Updated by Steve Wheeler 2 months ago
Nothing special is required to recreate this beyond enabling DCO:
Install 22.09 clean. Tested: 22.09.a.20220725.0600
Configure a remote access server using the OpenVPN wizard. Accept the default values. I configured it to pass only the LAN subnet as a route.
Create at least 2 valid clients.
The resulting openvpn config looks like:
dev ovpns1 verb 1 dev-type tun dev-node /dev/tun1 writepid /var/run/openvpn_server1.pid #user nobody #group nobody script-security 3 daemon keepalive 10 60 ping-timer-rem persist-tun persist-key proto udp4 auth SHA256 up /usr/local/sbin/ovpn-linkup down /usr/local/sbin/ovpn-linkdown client-connect /usr/local/sbin/openvpn.attributes.sh client-disconnect /usr/local/sbin/openvpn.attributes.sh local 172.21.16.160 tls-server server 10.160.9.0 255.255.255.0 client-config-dir /var/etc/openvpn/server1/csc username-as-common-name plugin /usr/local/lib/openvpn/plugins/openvpn-plugin-auth-script.so /usr/local/sbin/ovpn_auth_verify_async user TG9jYWwgRGF0YWJhc2U= false server1 1194 tls-verify "/usr/local/sbin/ovpn_auth_verify tls 'OpenVPN_Server_5' 1" lport 1194 management /var/etc/openvpn/server1/sock unix push "route 192.168.160.0 255.255.255.0" capath /var/etc/openvpn/server1/ca cert /var/etc/openvpn/server1/cert key /var/etc/openvpn/server1/key dh /etc/dh-parameters.2048 tls-auth /var/etc/openvpn/server1/tls-auth 0 data-ciphers AES-256-GCM data-ciphers-fallback AES-256-GCM allow-compression no persist-remote-ip float topology subnet explicit-exit-notify 1
Connect two or more clients. Only the client receiving the first tunnel subnet IP (10.160.9.2 here) will be able to reach hosts in the LAN subnet.
Other clients will time out trying to reach, for example, 192.168.160.10 but will be able to reach the pfSense LAN IP at 192.168.160.1.

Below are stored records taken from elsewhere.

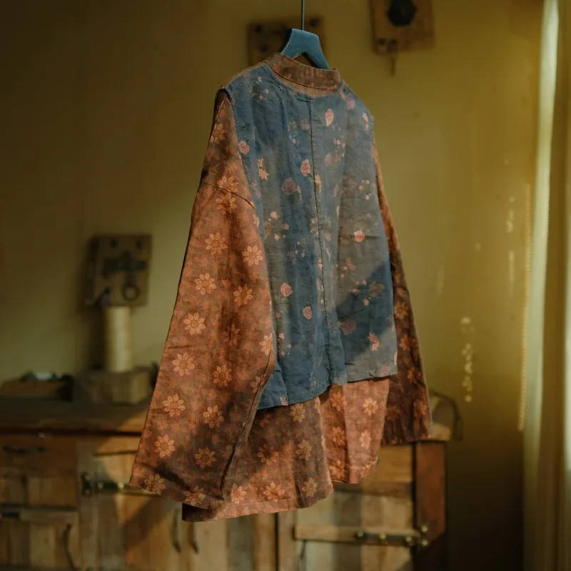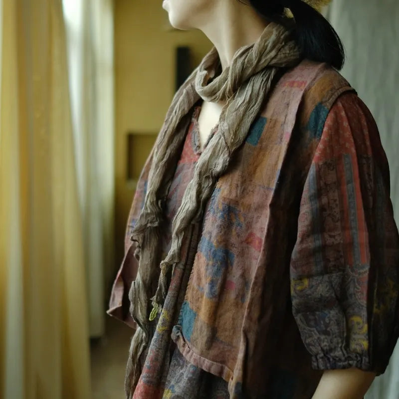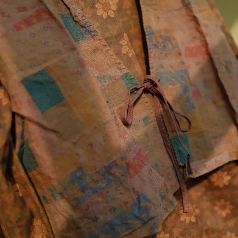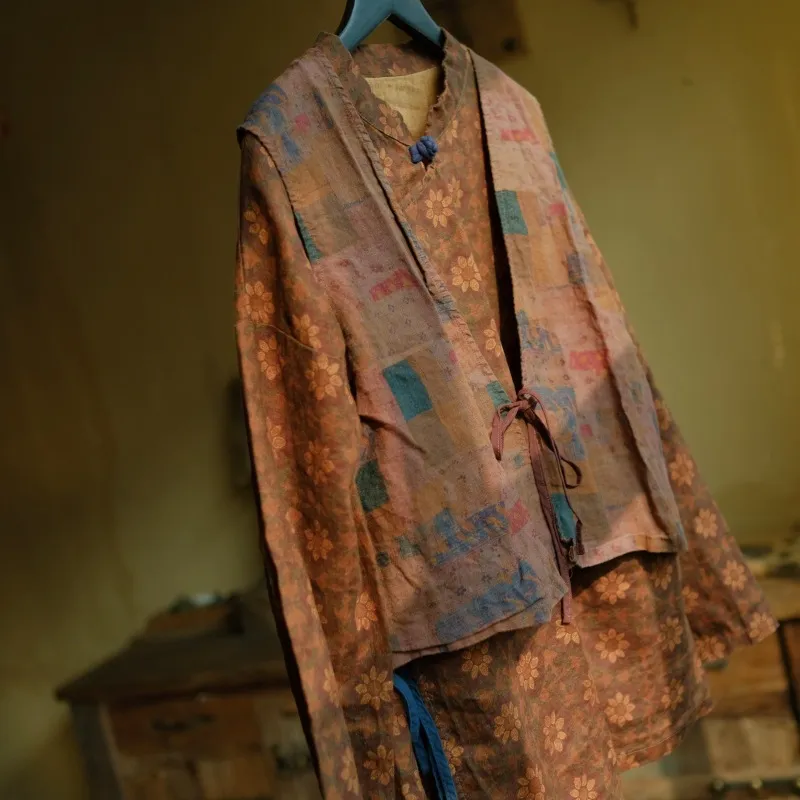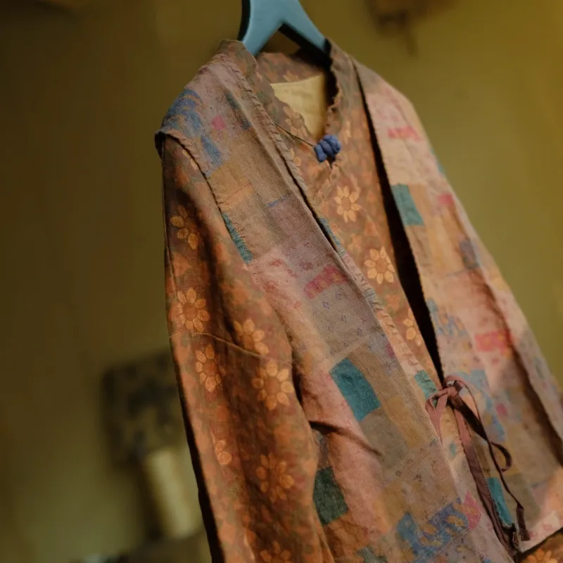 衣都精品- 2023新款水洗仿香雲紗印花工藝寬鬆繫帶上衣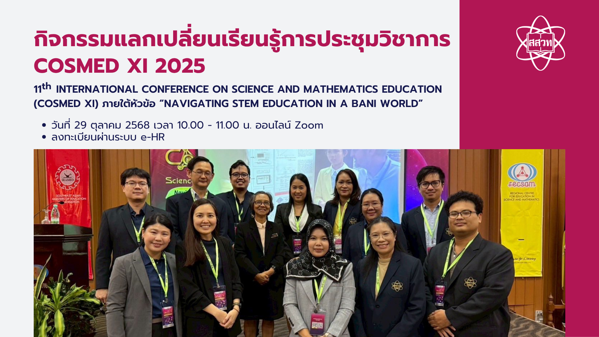 11th International Conference on Science and Mathematics Education หรือเรียกย่อว่า COSMED XI"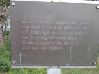 | Keywords: English Cemetery at Fårö (3).jpg en Sign at the English Cemetery in the Swedish island of Fårö The sign reads Here lies some 20 English navy men who died of cholera in 1854 during the so-called Crimean War when Fårösund served as a base for a Anglo-French naval unit NW of the cemetery where the place of a currently set up hospital sv Skylt vid Engelska kyrkogården på Fårö Skylten lyder Här vilar ett 20-tal engelska örlogsmän som avled i kolera år 1854 under det s k Krimkriget då Fårösund utgjorde bas för en engelsk-fransk flottenhet NV om kyrkogården låg då ett för tillfället upprättat sjukhus own Mr Bullitt 2010-08-07 Engelska kyrkogården |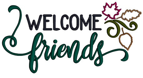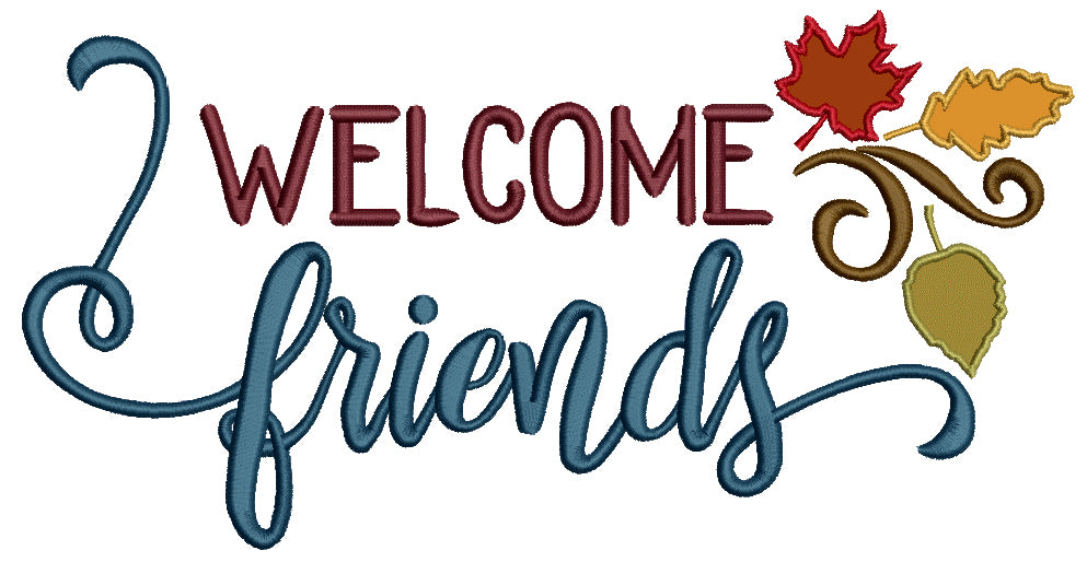 Welcome Friends Fall Leaves Applique Machine Embroidery Design Digitized Pattern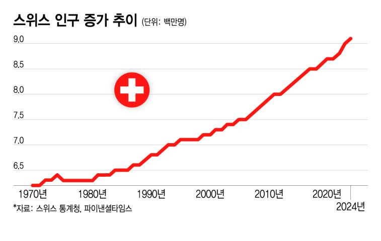 현재 스위스 인구는 약 910만명이다. 일각선 인구 1000만명 도달까지 10년도 걸리지 않을 거란 예측도 나온다. 높은 임금과 삶의 질에 매료된 이민자들이 꾸준히 유입되면서 외국인 거주자 비율은 27%로 유럽에서 가장 높은 수준이다. 2000년 이후에만 인구가 약 25% 급증했다. 비교하자면 같은 기간 미국은 약 20%, 프랑스는 12%, 한국은 9% 증가했다.
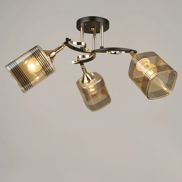 Люстра стельова Light House SRS-19504/3 BK+FGD колір чорний + золото, бурштиновий плафон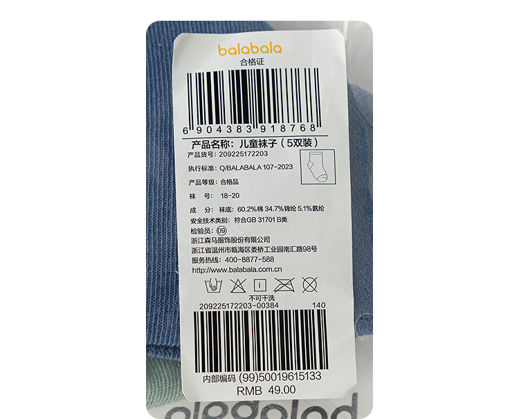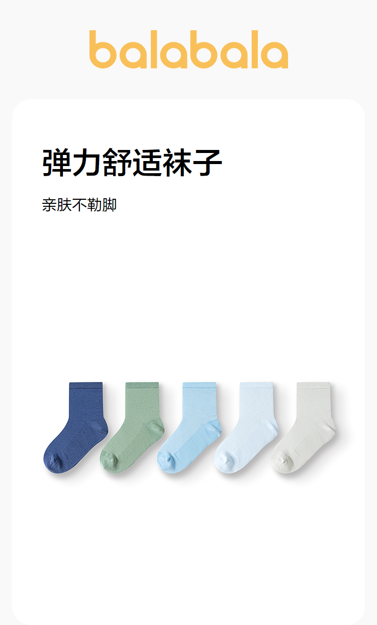 巴拉巴拉儿童袜子夏季网眼儿童运动风袜透气男女童小童大童五双装

Coming from a host on the LAN subnet the server IP (10.160.9.1) and first client IP will be reachable but other clients result in the routing error:
steve@steve-Standard-PC-i440FX-PIIX-1996:~$ ping 10.160.9.3 PING 10.160.9.3 (10.160.9.3) 56(84) bytes of data. From 10.160.9.1 icmp_seq=1 Redirect Host(New nexthop: 0.0.0.0) From 10.160.9.1 icmp_seq=1 Redirect Host(New nexthop: 0.0.0.0) From 10.160.9.1 icmp_seq=1 Redirect Host(New nexthop: 0.0.0.0)

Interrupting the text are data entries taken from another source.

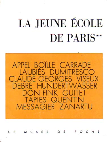 Lambert, Jean-Clarence: La jeune Ecole de Paris. Quinze reproductions. [Appel, Boille, Carrade, Laubies, Dumitresco, Claude, Georges, Viseux, Debre, Hundertwasser, Don Fink, Guitet, Tapies, Quentin, Messagier, Zanartu]. Erste Auflage. Paris. Musee de Poche / Editions Georges Fall. 1958. 19 x 14 cm. 60 S., 2 Blatt. OKarton mit OUmschlag. Unteres Kapital minimal bestoßen, Umschlag etwas angestaubt, sonst noch gutes Exemplar. Texte in Französisch. Enthält 15 montierte farbige Werkabbildungen. Auf dem Vorsatz als Besitzvermerk die Unterschrift des tachistischen schweizer Malers Rene Acht.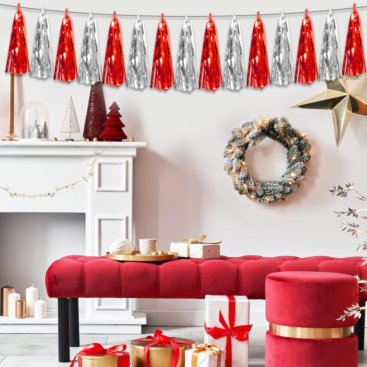 8P Red Silver Foil Fringe Metallic Tassel Streamers Banner Tassel Garland for Parade Floats, Bachelorette, Wedding, Birthday, Halloween, Christmas, Bridal/Baby Shower Party Decorations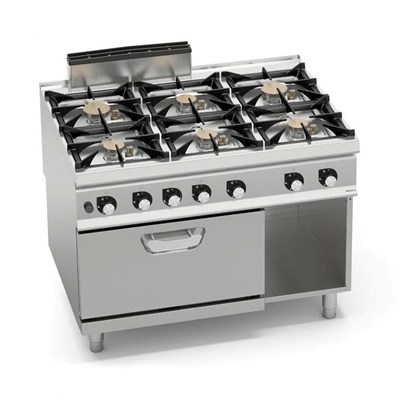 Bếp gas 6 bếp kèm lò nướng gas 2/1 GN SG9F6PS+FG là dòng thiết bị bếp công nghiệp cao cấp, tích hợp nấu và nướng trong cùng một hệ thống. Với tổng công suất lên đến 51,8 kW cùng lò nướng gas mạnh mẽ 7,8 kW, sản phẩm đáp ứng hoàn hảo nhu cầu chế biến quy mô lớn, vận hành liên tục và tối ưu hiệu suất trong gian bếp chuyên nghiệp.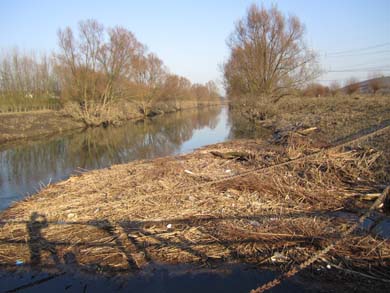 Da auch dieser Fluss bis vor kurzem noch erhebliches Hochwasser geführt hat, ist der kleine Trampelpfad in direkter Ufernähe noch ziemlich unpassierbar – jedenfalls im Laufschritt. Also heißt es auch hier wieder: Rauf auf den Damm – und welch‘ Überraschung? Es herrscht Gegenwind…

That is the case for all other IPs in the tunnel subnet whether of not a client exists there.
Updated by Steve Wheeler 2 months ago
[22.09-DEVELOPMENT][email@example.com]/root: netstat -rn4 Routing tables Internet: Destination Gateway Flags Netif Expire default 172.21.16.1 UGS vtnet0 10.160.9.0/24 10.160.9.2 UGS ovpns1 10.160.9.1 link#8 UHS lo0 10.160.9.2 link#8 UH ovpns1 127.0.0.1 link#5 UH lo0 172.21.16.0/24 link#1 U vtnet0 172.21.16.1 3e:81:34:ce:48:36 UHS vtnet0 172.21.16.160 link#1 UHS lo0 192.168.160.0/24 link#2 U vtnet1 192.168.160.1 link#2 UHS lo0
Updated by Kristof Provost about 2 months ago
- Status changed from Confirmed to Pull Request Review
The issue here is that one of the assumptions in the if_ovpn code, namely that we always get an 'ro' argument to ovpn_output() unless called from pf's route-to, was incorrect.
This is the case in main, but not on stable/12. As a result we assumed that the packet was being route-to'd, and we had to send it to the first peer. That peer immediately sent the packet back to the server (according to its routing table), which wound up looping until the TTL expired.
This only affected the fast forwarding code, so I'd expect this problem to not manifest if IPSec is in use (because then we don't use ip_fastfwd()).